=== Begin Enclosure ===

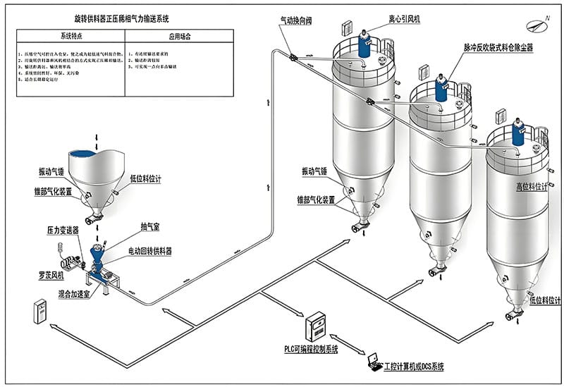 仓泵可以实现理想中的远距离气力输送。目前,在国内的案例中,输送距离超过2000米以上并且稳定运行的只有浓相气力输送系统。
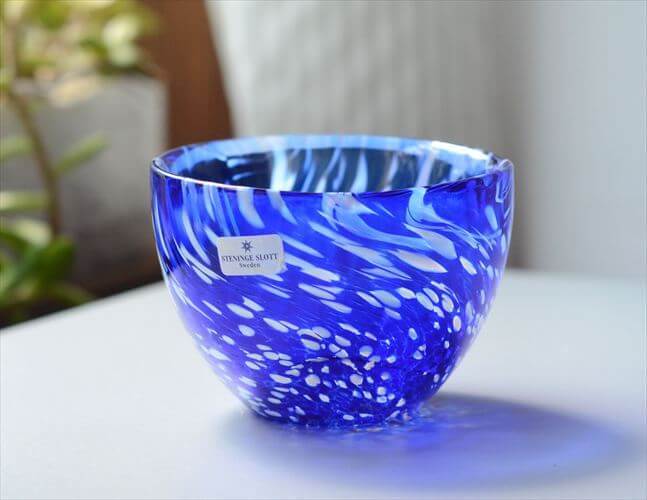 > スウェーデン STENINGE SLOTT きれいなブルーのガラスボウル 9.7cm 北欧 グラス ポット ヴィンテージ ig4593
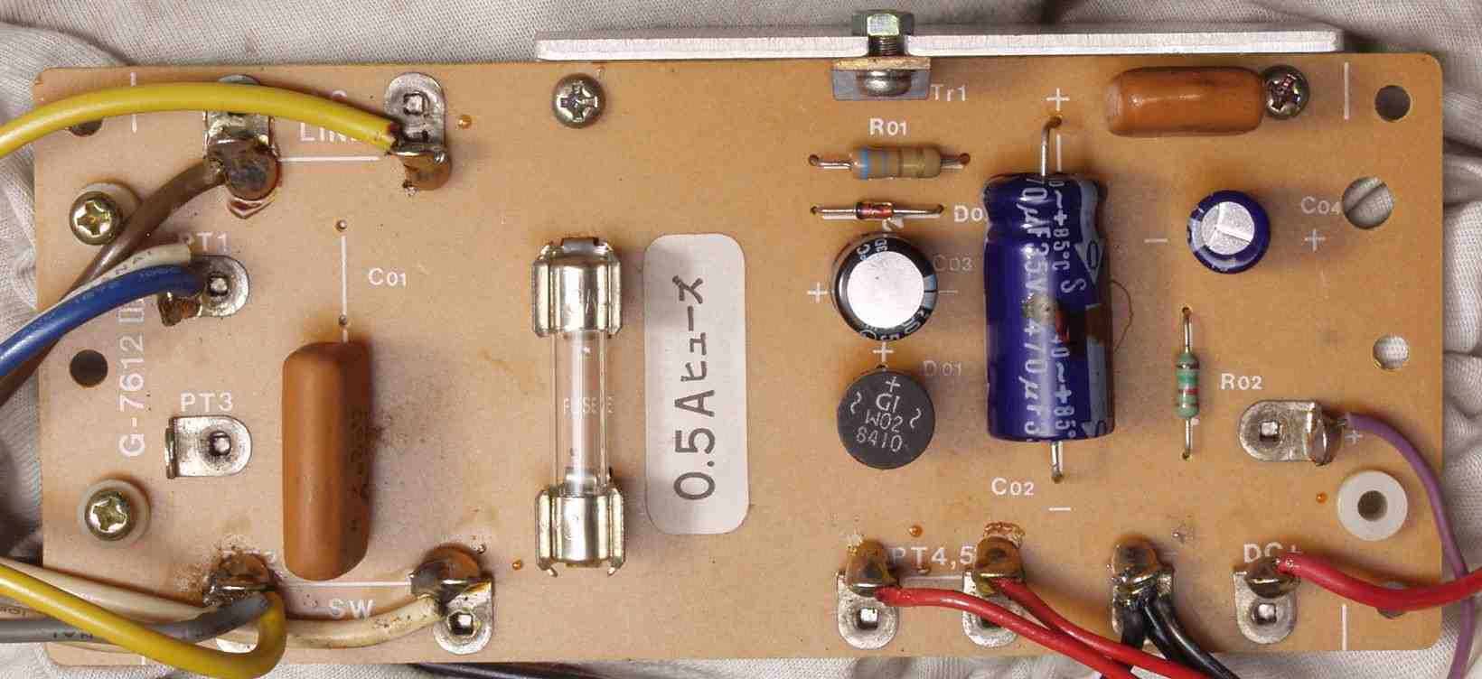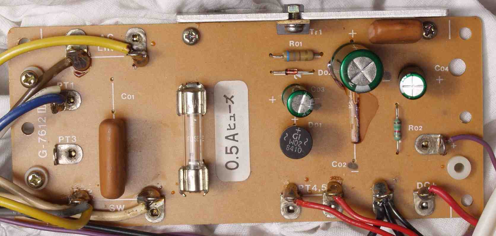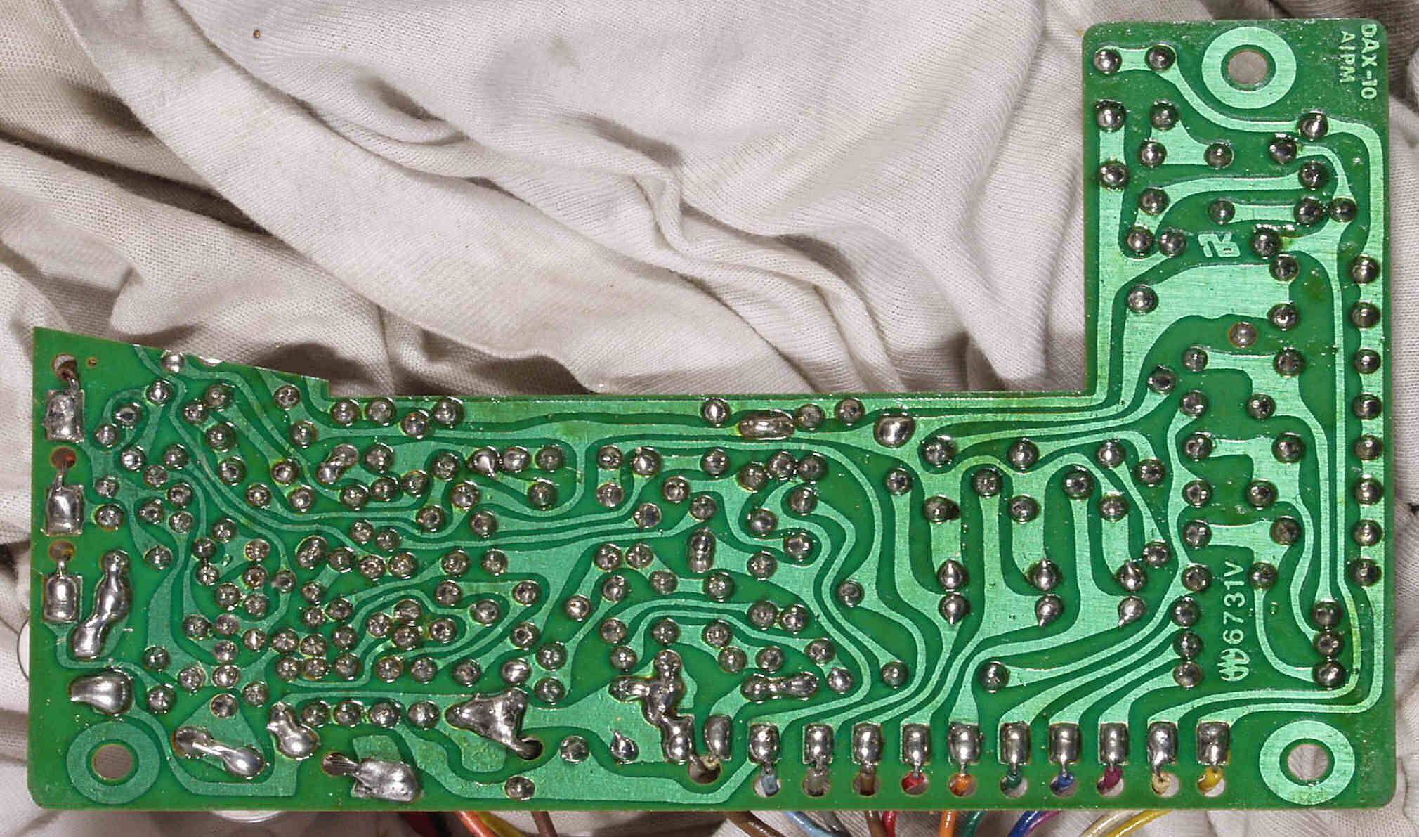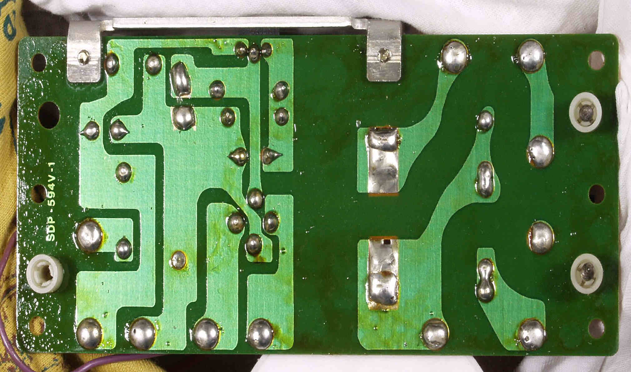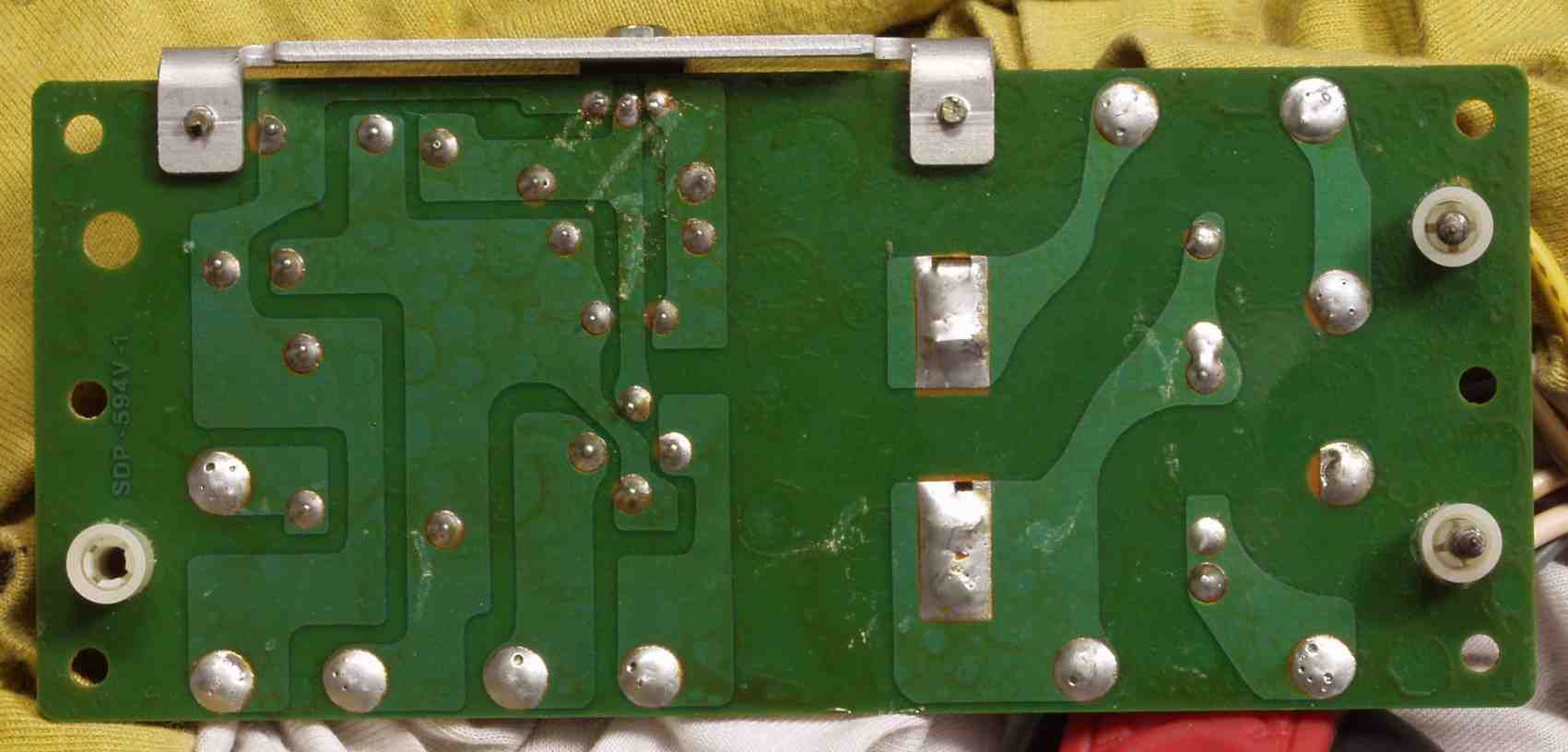 C2D. 修理(半田補正)後 電源基板裏+。余分なフラックスを落として、コート液を塗る。
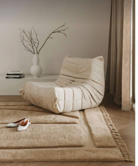 Sillón bajo acolchado: cómodo y moderno, ideal para salas, dormitorios o espacios de relajación.
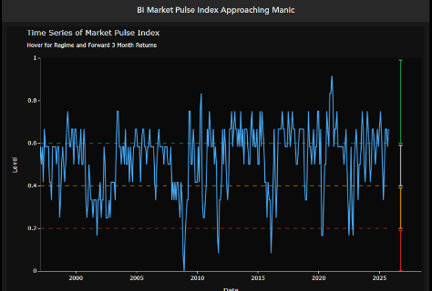 在这个每四天就刷新一次纪录的市场中,华尔街似乎忙于追逐上涨行情,无暇顾及政府停摆和估值过高这类风险。巴克莱编制的情绪指标持续徘徊在反映市场过度乐观的水平附近。彭博行业研究一项类似指标已重返“狂热”区域,而该区域在历史上往往预示着后续回报平平。
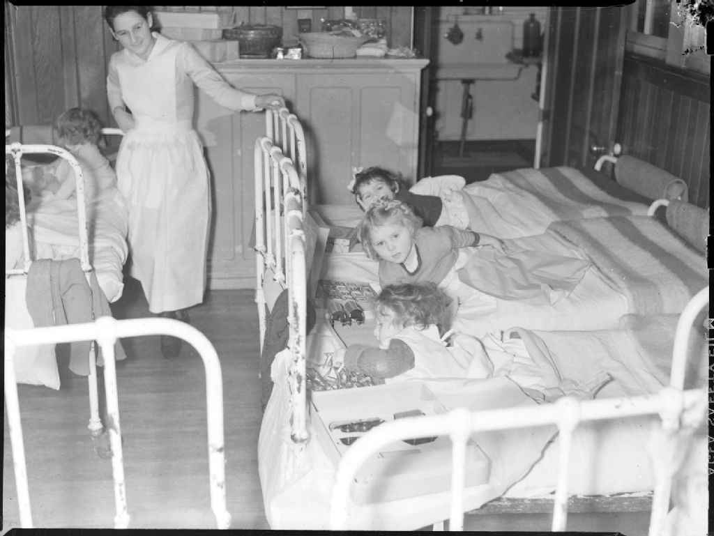 Nous voyons une infirmière du «Children Memorial Hospital» en uniforme, portant le tablier, debout au chevet de quatre fillettes alitées sur le ventre dans des lits de fer. Nous apercevons chacune jouant avec des cadeaux déposés devant elles

=== End Enclosure ===

WHAT YOU WILL DO: Give again, word for word, every line from the top of the entries above to the line holding "在这个每四天就刷新一次纪录的", both included. Leave the pictures out.

COMPLETED EXERCISE:
 仓泵可以实现理想中的远距离气力输送。目前,在国内的案例中,输送距离超过2000米以上并且稳定运行的只有浓相气力输送系统。
 > スウェーデン STENINGE SLOTT きれいなブルーのガラスボウル 9.7cm 北欧 グラス ポット ヴィンテージ ig4593
 C2D. 修理(半田補正)後 電源基板裏+。余分なフラックスを落として、コート液を塗る。
 Sillón bajo acolchado: cómodo y moderno, ideal para salas, dormitorios o espacios de relajación.
 在这个每四天就刷新一次纪录的市场中,华尔街似乎忙于追逐上涨行情,无暇顾及政府停摆和估值过高这类风险。巴克莱编制的情绪指标持续徘徊在反映市场过度乐观的水平附近。彭博行业研究一项类似指标已重返“狂热”区域,而该区域在历史上往往预示着后续回报平平。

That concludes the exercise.